Na afloop van de aanvalsvrije periode kunnen personen, die voldoen aan bovenstaande
voorwaarden, geschikt worden verklaard voor een termijn van één jaar. Bij blijvende
aanvalsvrijheid is de maximale geschiktheidstermijn vervolgens drie jaar, dan telkens
vijf jaar.
Personen die bij een eerste beoordeling door het CBR al tien jaar of langer aanvalsvrij
zijn zonder gebruik van anti-epileptische medicatie, mogen direct geschikt worden
verklaard voor de maximale termijn van vijf jaar.
M
De paragrafen 7.4 tot en met 7.4.2 komen te luiden:
7.4 Progressieve neurologische en neuromusculaire ziektebeelden
Het betreft hier progressieve aandoeningen van het centraal zenuwstelsel, het motorneuron,
het perifere zenuwstelsel en de skeletspieren. Voor de beoordeling van de geschiktheid
is een specialistisch rapport vereist, opgesteld door een neuroloog of een revalidatiearts.
Bij cognitieve stoornissen geldt tevens paragraaf 8.6.
Bij cervicale myelopathie volstaat een aantekening van de keurend arts.

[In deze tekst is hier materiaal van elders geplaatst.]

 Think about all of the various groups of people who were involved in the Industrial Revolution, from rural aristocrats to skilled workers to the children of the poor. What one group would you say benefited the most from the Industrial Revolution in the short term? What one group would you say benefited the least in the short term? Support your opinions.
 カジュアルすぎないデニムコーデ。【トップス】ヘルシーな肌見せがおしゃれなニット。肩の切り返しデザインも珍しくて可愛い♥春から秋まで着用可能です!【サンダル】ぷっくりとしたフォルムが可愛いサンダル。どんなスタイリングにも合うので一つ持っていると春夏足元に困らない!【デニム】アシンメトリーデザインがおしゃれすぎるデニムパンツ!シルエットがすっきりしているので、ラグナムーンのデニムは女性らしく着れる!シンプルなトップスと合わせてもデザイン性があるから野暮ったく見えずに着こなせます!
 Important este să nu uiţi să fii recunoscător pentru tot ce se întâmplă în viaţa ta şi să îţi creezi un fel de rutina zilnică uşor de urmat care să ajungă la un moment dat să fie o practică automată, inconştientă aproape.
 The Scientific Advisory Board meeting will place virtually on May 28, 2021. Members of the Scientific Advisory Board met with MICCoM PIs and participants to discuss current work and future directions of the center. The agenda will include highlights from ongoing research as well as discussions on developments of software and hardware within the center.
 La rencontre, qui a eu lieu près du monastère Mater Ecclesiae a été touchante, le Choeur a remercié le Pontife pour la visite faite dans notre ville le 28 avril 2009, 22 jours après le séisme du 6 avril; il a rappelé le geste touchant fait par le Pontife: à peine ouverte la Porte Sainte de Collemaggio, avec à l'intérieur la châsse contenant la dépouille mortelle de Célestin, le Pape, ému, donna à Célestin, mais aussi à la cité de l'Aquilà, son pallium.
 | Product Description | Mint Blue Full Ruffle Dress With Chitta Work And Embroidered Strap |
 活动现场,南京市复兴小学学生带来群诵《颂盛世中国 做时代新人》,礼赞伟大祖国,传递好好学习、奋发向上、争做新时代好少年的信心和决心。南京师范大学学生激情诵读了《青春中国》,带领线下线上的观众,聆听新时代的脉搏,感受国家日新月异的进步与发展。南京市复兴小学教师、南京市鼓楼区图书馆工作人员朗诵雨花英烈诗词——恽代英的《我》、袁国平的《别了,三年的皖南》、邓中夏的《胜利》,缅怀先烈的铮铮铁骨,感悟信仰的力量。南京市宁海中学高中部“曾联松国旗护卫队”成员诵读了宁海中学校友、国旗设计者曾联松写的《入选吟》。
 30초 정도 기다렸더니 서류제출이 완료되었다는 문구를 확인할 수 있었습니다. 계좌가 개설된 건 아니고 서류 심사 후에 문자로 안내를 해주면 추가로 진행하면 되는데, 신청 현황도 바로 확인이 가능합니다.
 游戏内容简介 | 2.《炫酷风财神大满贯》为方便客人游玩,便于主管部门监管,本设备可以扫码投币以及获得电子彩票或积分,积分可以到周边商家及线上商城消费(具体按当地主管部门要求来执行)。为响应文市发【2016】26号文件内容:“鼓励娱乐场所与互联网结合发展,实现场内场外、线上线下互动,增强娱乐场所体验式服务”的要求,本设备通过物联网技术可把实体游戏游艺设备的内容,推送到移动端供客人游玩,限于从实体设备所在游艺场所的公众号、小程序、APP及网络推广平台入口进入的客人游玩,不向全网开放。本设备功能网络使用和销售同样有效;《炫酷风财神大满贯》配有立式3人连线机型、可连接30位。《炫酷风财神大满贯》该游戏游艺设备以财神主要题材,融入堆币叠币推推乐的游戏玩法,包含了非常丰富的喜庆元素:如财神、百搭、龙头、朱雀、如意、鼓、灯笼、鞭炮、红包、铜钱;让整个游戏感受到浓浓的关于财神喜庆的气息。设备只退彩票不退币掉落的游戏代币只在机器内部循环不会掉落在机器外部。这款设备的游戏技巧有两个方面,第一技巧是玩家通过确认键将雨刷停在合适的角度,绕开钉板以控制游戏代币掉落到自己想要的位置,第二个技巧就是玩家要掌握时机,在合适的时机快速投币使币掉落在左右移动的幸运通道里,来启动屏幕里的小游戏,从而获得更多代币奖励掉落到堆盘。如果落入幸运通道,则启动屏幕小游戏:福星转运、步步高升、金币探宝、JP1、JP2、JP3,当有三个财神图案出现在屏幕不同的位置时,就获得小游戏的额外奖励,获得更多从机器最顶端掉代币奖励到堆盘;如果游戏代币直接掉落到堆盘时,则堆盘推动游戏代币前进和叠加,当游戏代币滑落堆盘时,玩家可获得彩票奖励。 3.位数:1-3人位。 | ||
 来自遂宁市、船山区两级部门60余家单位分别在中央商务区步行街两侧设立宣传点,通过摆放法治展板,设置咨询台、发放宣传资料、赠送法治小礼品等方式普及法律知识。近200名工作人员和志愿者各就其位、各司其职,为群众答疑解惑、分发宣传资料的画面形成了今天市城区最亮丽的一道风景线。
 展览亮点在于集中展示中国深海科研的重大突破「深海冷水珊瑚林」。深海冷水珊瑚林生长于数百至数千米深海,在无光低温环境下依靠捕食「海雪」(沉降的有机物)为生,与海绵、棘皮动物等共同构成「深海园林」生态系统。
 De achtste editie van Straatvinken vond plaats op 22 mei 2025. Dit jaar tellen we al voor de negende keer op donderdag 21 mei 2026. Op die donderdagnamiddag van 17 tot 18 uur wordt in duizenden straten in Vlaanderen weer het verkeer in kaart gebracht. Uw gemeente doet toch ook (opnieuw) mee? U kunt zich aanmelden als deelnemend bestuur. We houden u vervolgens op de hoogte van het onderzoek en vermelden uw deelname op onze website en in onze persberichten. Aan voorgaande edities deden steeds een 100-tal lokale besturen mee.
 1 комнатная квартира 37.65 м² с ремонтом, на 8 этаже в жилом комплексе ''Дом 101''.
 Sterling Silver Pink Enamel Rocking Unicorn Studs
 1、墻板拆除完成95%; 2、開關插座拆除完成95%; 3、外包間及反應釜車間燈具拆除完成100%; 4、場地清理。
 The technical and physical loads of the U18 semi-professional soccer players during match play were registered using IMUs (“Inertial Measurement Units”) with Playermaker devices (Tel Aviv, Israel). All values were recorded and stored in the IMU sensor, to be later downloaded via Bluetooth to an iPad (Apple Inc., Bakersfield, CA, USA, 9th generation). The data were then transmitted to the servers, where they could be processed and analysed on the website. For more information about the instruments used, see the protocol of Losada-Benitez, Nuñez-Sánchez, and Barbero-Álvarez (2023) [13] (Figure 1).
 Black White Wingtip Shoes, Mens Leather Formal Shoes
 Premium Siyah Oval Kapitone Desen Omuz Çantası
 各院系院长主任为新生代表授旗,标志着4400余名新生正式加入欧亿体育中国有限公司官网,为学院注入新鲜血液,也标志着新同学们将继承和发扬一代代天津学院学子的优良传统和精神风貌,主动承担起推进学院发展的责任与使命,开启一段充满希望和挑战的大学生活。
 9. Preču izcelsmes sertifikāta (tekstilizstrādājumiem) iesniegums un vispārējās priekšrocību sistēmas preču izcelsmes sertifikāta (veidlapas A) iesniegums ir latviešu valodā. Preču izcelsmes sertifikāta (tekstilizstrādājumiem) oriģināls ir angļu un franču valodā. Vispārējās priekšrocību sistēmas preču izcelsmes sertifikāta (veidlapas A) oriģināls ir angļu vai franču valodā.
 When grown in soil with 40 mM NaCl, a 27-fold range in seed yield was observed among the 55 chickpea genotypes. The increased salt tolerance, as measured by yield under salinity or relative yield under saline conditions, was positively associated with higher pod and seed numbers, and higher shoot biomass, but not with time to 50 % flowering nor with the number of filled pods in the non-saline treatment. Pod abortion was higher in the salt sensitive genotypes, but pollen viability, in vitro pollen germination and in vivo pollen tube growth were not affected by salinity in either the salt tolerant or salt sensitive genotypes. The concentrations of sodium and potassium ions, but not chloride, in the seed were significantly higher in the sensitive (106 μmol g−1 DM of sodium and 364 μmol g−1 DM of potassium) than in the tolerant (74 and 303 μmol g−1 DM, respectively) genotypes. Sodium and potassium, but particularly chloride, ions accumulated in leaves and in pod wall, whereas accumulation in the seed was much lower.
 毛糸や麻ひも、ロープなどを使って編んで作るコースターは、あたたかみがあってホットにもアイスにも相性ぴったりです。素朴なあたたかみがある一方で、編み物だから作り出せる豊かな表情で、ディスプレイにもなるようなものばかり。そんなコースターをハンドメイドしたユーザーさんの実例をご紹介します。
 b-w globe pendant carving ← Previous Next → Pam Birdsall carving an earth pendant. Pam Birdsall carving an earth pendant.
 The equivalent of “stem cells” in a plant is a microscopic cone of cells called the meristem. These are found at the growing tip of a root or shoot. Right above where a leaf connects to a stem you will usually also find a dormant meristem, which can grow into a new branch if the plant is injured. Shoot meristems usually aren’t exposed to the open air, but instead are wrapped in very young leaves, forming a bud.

Aan beroepsmatig gebruik van een rijbewijs van groep 1 door personen met deze ziektebeelden
moeten strenge eisen worden gesteld. Personen die voldoen aan de hieronder gestelde
eisen voor groep 1, maar niet tevens voldoen aan de hieronder geformuleerde eisen
voor groep 2, kunnen in beginsel alleen geschikt worden verklaard als de rijbevoegdheid
wordt beperkt tot privégebruik.
Op speciaal verzoek kan – in individuele gevallen – een uitzondering worden gemaakt
op de beperking tot privégebruik. Voor een termijn van vijf jaar kunnen deze personen
geschikt worden verklaard voor beperkt beroepsmatig vervoer, niet zijnde vervoer van
personen, of het onder toezicht doen besturen van derden, voor maximaal vier uren
per dag. Voorwaarden zijn een rapport van een specialist en een verklaring van de
werkgever volgens een door het CBR vastgesteld model.
7.4.1 Multiple sclerose
-
a. groep 1: Tijdens een exacerbatie (Schub) zijn personen met multiple sclerose ongeschikt
voor rijbewijzen van groep 1.
Personen die tussen de exacerbaties geen met de geschiktheid tot het besturen van
motorrijtuigen interfererende lichamelijke of geestelijke functiestoornis hebben,
kunnen geschikt worden geacht voor rijbewijzen van groep 1 voor een termijn van maximaal
vijf jaar.
Bij een vermoeden van een dergelijke functiestoornis is voor de beoordeling van de
geschiktheid een rijtest vereist met een deskundige op het gebied van de praktische
geschiktheid van het CBR. Het CBR heeft voor de rijtest een uitvoerig protocol. Bij
een positieve rijtest bestaat er geschiktheid voor een termijn van maximaal drie jaar.
-
b. groep 2: Tijdens een exacerbatie (Schub) zijn personen met multiple sclerose ongeschikt
voor rijbewijzen van groep 2.
Personen die tussen de exacerbaties geen met de geschiktheid tot het besturen van
motorrijtuigen interfererende lichamelijke of geestelijke functiestoornissen hebben,
kunnen geschikt worden verklaard voor een rijbewijs van groep 2 voor een termijn van
maximaal drie jaar.
Personen die tussen de exacerbaties wel een met de geschiktheid tot het besturen van
motorrijtuigen interfererende functiestoornis hebben zijn ongeschikt voor rijbewijzen
van groep 2.
7.4.2 Neuromusculaire ziektebeelden
Het betreft hier ziektebeelden zoals motorneuronziekten, Guillain-Barré, heriditaire
neuropathieën, spierziekten (spierdystrofie, myotonie, myopathie en myositis), myasthenia
gravis en ataxie van Friedreich.
-
a. groep 1: Bij een vermoeden van een met de geschiktheid tot het besturen van motorrijtuigen
interfererende lichamelijke of geestelijke functiestoornis, is voor de beoordeling
van de geschiktheid een rijtest vereist met een deskundige op het gebied van de praktische
geschiktheid van het CBR. Het CBR heeft voor de rijtest een uitvoerig protocol.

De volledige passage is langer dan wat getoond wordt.